[Items from a data source]
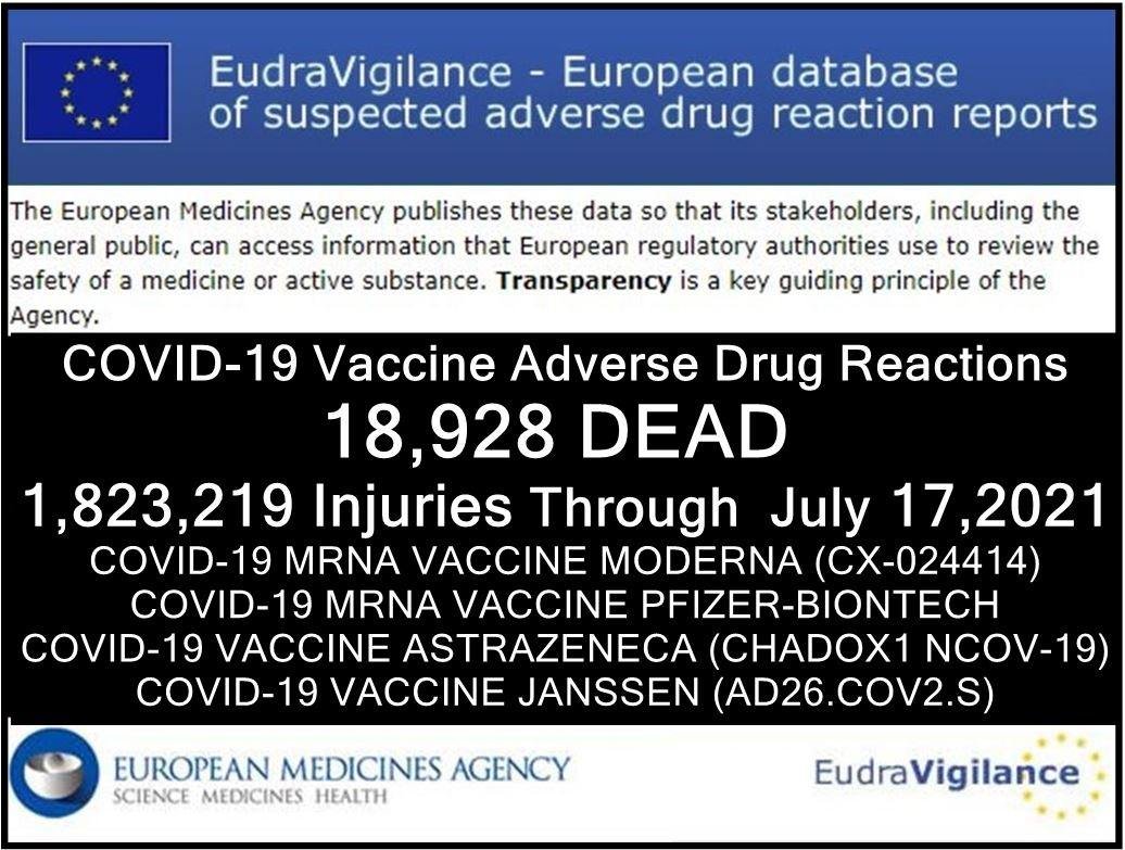 Η βάση δεδομένων της Ευρωπαϊκής Ένωσης για τις ύποπτες αναφορές αντιδράσεων φαρμάκων είναι το EudraVigilance και τώρα αναφέρουν 18.928 θανάτους και 1.823.219 τραυματισμούς, μετά από τις ενέσεις COVID-19.
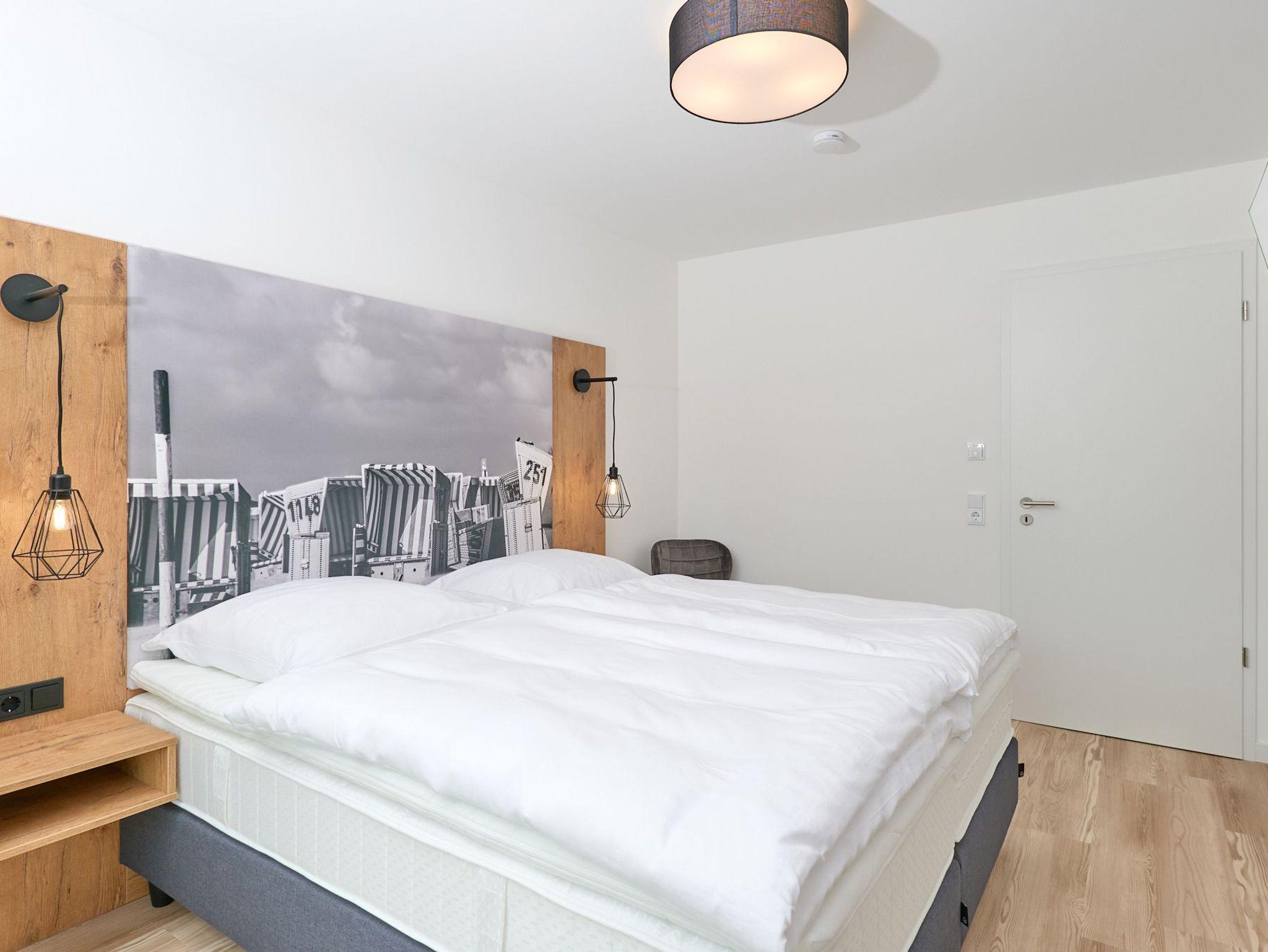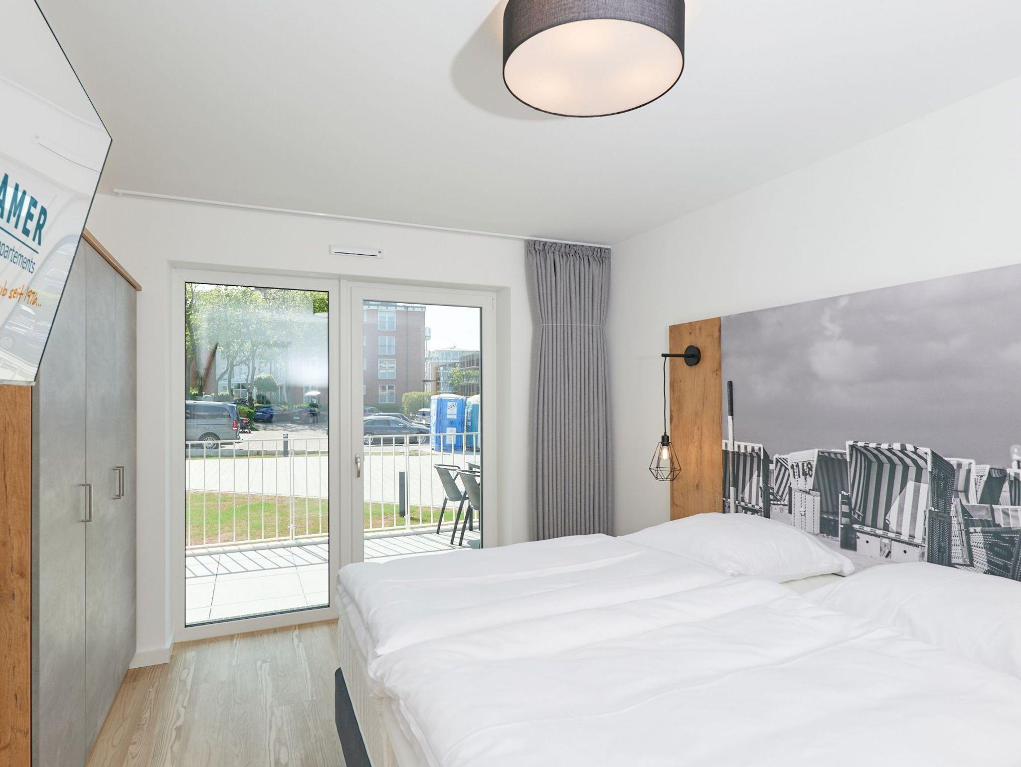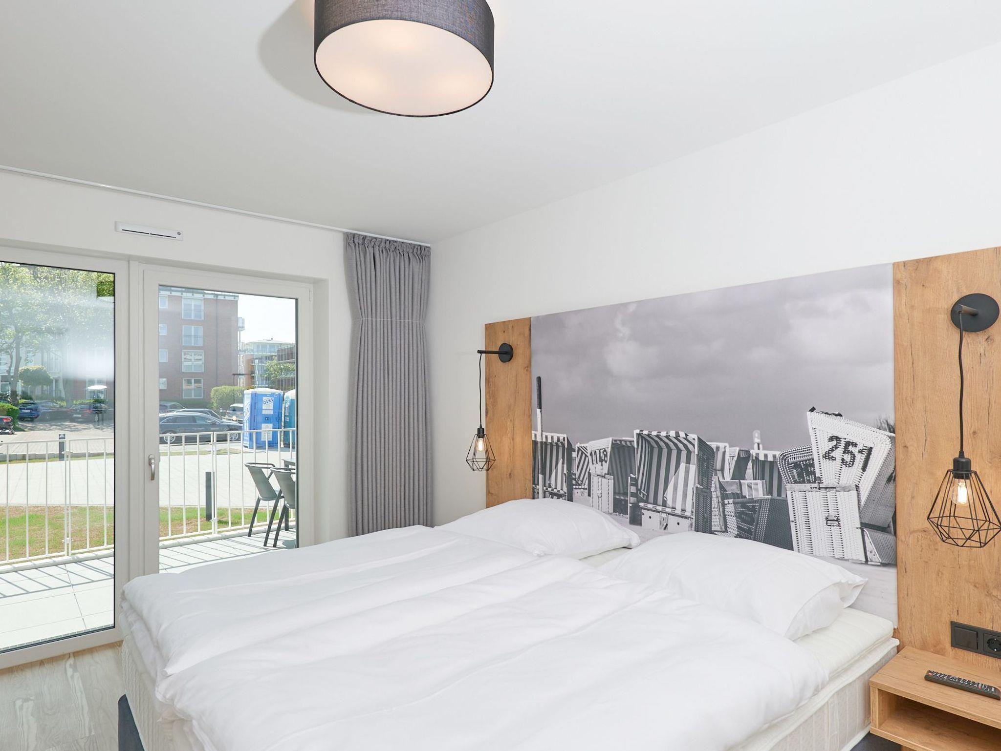 Neubau Mai 2023! Sehr schöne, moderne 3-Raum-Wohnung bis 4 Pers. voll ausgestattet auf ca. 99 m² in der 1.Etage gelegen, 2 Schlafzimmer mit komfortablen Doppelbetten (Bettwäsche inkl.) und Außenjalousien an allen Fenstern, ebenerdige Dusche/WC, Wohnzimmer mit großer Küchenzeile (Backofen, Geschirrspüler, Mikrowelle) 3x Kabel-TV, Radio, kostenfreies W-LAN-Internet, großer Balkon (west) mit Teilseesicht, Personenaufzug, reservierter Pkw-Stellplatz in der Tiefgarage inkl., es sind keine Haustiere erlaubt und natürlich Nichtraucher. Durchfahrtshöhe Tiefgarage: 2,05m.
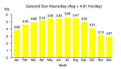 Solar power in New Hampshire provides a small percentage of the state's electricity. State renewable requirements and declining prices have led to some installations. Photovoltaics on rooftops can provide 53.4% of all electricity used in New Hampshire, from 5,300 MW of solar panels, and 72% of the electricity used in Concord, New Hampshire.[2] A 2016 estimate suggests that a typical 5 kW system costing $25,000 before credits and utility savings will pay for itself in 9 years, and generate a profit of $34,196 over the rest of its 25-year life. A loan or lease provides a net savings each year, including the first year.[3] New Hampshire has a rebate program which pays $0.75/W for residential systems up to 5 kW, for up to 50% of the system cost, up to $3,750.[4] However, New Hampshire's solar installation lagged behind nearby states such as Vermont and New York, which in 2013 had 10 times and 25 times more solar, respectively.
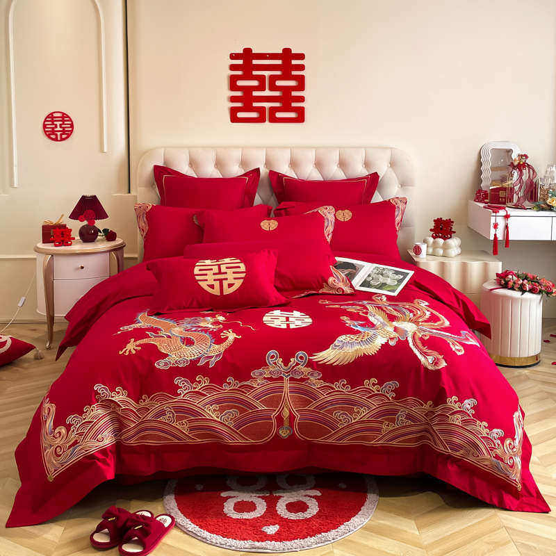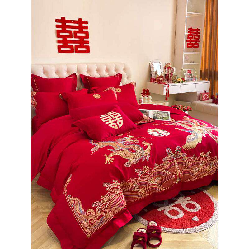 高档喜庆结婚床上用品四件套大红色龙凤刺绣被套床单纯棉喜被婚庆
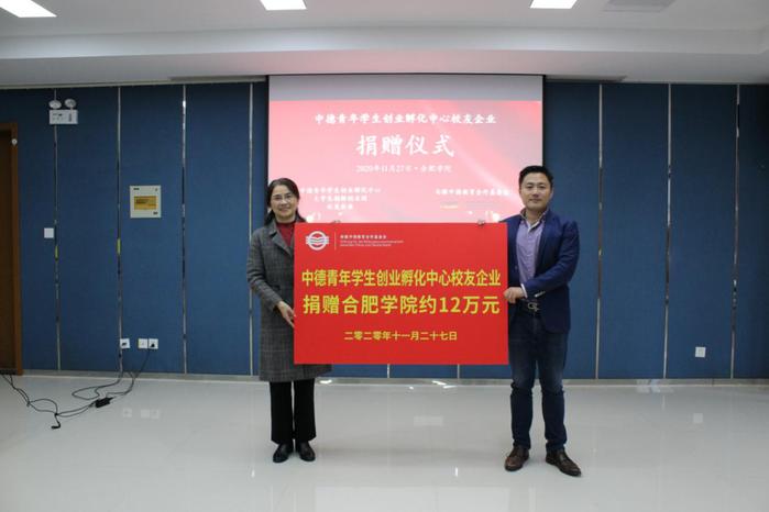 11月27日上午,我校舉行中德青年學生創業孵化中心(以下簡稱孵化中心)校友企業捐贈儀式,合肥學院副校長、安徽中德教育合作基金會(以下簡稱基金會)理事長陳秀出席。校計劃財務處處長、基金會秘書長何世昆,校孵化中心主任劉沛平和副主任孫虹,基金會管理辦公室副主任周舟以及孵化中心21家校友企業代表參加了捐贈儀式。儀式由基金會管理辦公室主任劉金平主持。

▸ **PROBLEM TO WORK ON**
Every entry should be repeated verbatim, with the pictures left out.

▸ **ANSWER SECTION**
 Η βάση δεδομένων της Ευρωπαϊκής Ένωσης για τις ύποπτες αναφορές αντιδράσεων φαρμάκων είναι το EudraVigilance και τώρα αναφέρουν 18.928 θανάτους και 1.823.219 τραυματισμούς, μετά από τις ενέσεις COVID-19.
 Neubau Mai 2023! Sehr schöne, moderne 3-Raum-Wohnung bis 4 Pers. voll ausgestattet auf ca. 99 m² in der 1.Etage gelegen, 2 Schlafzimmer mit komfortablen Doppelbetten (Bettwäsche inkl.) und Außenjalousien an allen Fenstern, ebenerdige Dusche/WC, Wohnzimmer mit großer Küchenzeile (Backofen, Geschirrspüler, Mikrowelle) 3x Kabel-TV, Radio, kostenfreies W-LAN-Internet, großer Balkon (west) mit Teilseesicht, Personenaufzug, reservierter Pkw-Stellplatz in der Tiefgarage inkl., es sind keine Haustiere erlaubt und natürlich Nichtraucher. Durchfahrtshöhe Tiefgarage: 2,05m.
 Solar power in New Hampshire provides a small percentage of the state's electricity. State renewable requirements and declining prices have led to some installations. Photovoltaics on rooftops can provide 53.4% of all electricity used in New Hampshire, from 5,300 MW of solar panels, and 72% of the electricity used in Concord, New Hampshire.[2] A 2016 estimate suggests that a typical 5 kW system costing $25,000 before credits and utility savings will pay for itself in 9 years, and generate a profit of $34,196 over the rest of its 25-year life. A loan or lease provides a net savings each year, including the first year.[3] New Hampshire has a rebate program which pays $0.75/W for residential systems up to 5 kW, for up to 50% of the system cost, up to $3,750.[4] However, New Hampshire's solar installation lagged behind nearby states such as Vermont and New York, which in 2013 had 10 times and 25 times more solar, respectively.
 高档喜庆结婚床上用品四件套大红色龙凤刺绣被套床单纯棉喜被婚庆
 11月27日上午,我校舉行中德青年學生創業孵化中心(以下簡稱孵化中心)校友企業捐贈儀式,合肥學院副校長、安徽中德教育合作基金會(以下簡稱基金會)理事長陳秀出席。校計劃財務處處長、基金會秘書長何世昆,校孵化中心主任劉沛平和副主任孫虹,基金會管理辦公室副主任周舟以及孵化中心21家校友企業代表參加了捐贈儀式。儀式由基金會管理辦公室主任劉金平主持。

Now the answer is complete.